# Victorian Newbie



## marelton (Sep 23, 2014)

I've just recently bought a Hobie Mirage Outfitter for me and the fishette to get out on the water. Maiden voyage should be this weekend and looking forward to it.
My usual pastime is surf fishing for Salmon off the beaches south of Melbourne, so this is going to be a little different!

Love yaks and love fishing, but never had the chance to combine the two until now 

If anyone knows any relatively calm launch points around the north shore of Phillip Island to give it a trial run I'd be pleased to hear.

Dont want to scare her off on the first launch!


----------



## laneends (Jan 25, 2013)

Most of Phillip island can have a hard running tide.

As a first off I would suggest heading over towards Coronet bay and try end of soldiers rd just north of reef island. Its protected and weed beds close in give access to squid or whiting, or you can go further out with all the usual Western Port suspects.

Dont forget to practice falling out and climbing back in.

if you want more details on victorian spots check out the Vyak forum and find out where the locals play


----------



## marelton (Sep 23, 2014)

Thanks for the advice laneends, I can see the area on Google Maps and understand what you mean about Coronet Bay, it's exactly what I was looking for.
I've applied for an account on Vyak so things are starting to come together now.

Many thanks again for the help.


----------



## laneends (Jan 25, 2013)

Western Port is an "interesting place. Areas where the tide rips through, some quieter areas. Up north of Corinella you have mud issues at low tide. So you have to judge your trips carefully around predicted tides, with most launch spots out of bounds at low tides. Dont want to get stuck on the mud with the missus giving you an ear full in the back seat while you wait a couple of hours till the water comes back..lol

One of the best baits, particularly for gummie sharks is woolies banana prawns as they are the nearest thing to the the mud crabs up there they feed on.

If you get a stiff southerly breeze Coronet bay cops it a bit, but the launch at the end of soldiers road is more sheltered by reef island.

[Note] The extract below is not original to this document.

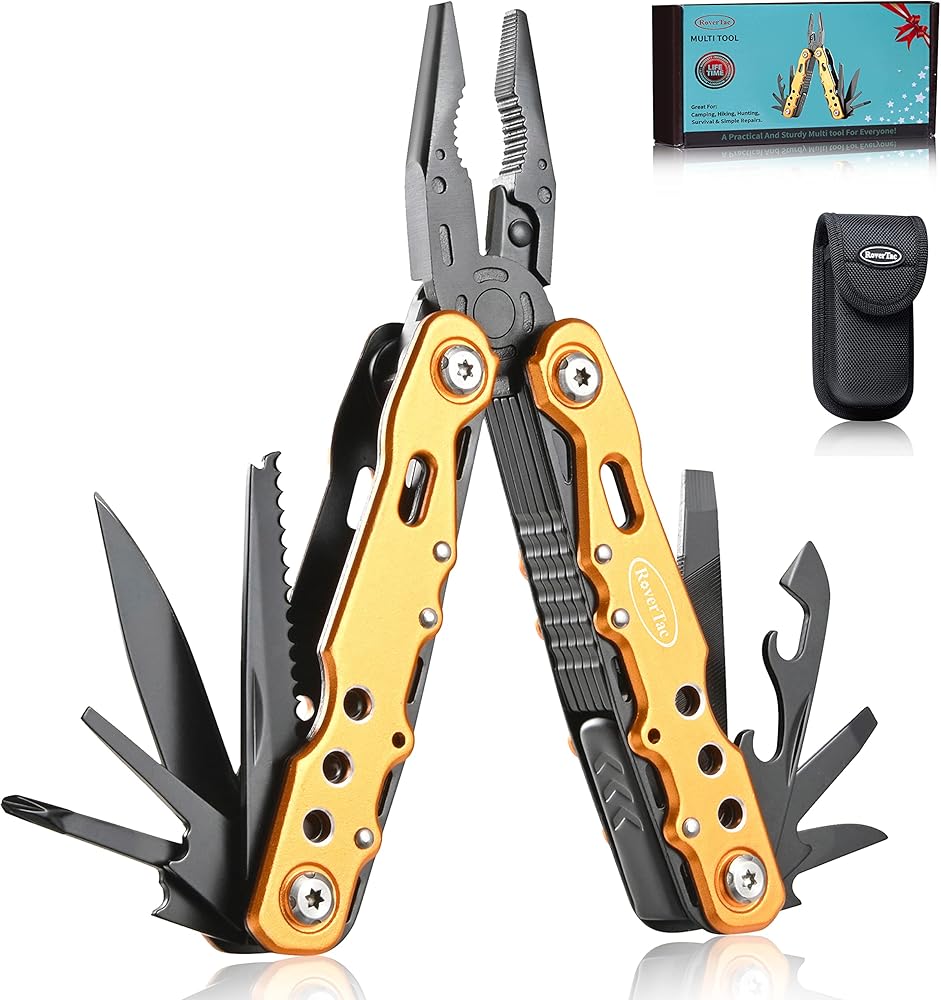 RoverTac كماشة متعددة المهام سكين جيب، 14 في 1 سكين متعدد الأدوات كماشة منشار فتاحة زجاجات قفل أمان غمد من النايلون، معدات التخييم والمشي لمسافات طويلة متعددة الأدوات للتخييم والبقاء على قيد الحياة والمشي لمسافات طويلة DIY، هدايا للرجال والأب in Kuwait

Stay away from the San Remo bridge area until you know what you are doing or you might end up being carried out into Bass straight


----------



## yellowprowler (Aug 27, 2014)

Welcome mate.


----------



## marelton (Sep 23, 2014)

Cheers again laneends for the tips and the 'what not to do's' , really useful to know when you don't know the area. Much appreciated.


----------



## marelton (Sep 23, 2014)

Thanks for the welcome yellowprowler, lots of good info on here and friendly folk too. Looking forward to posting when I eventually get the yak out there.


----------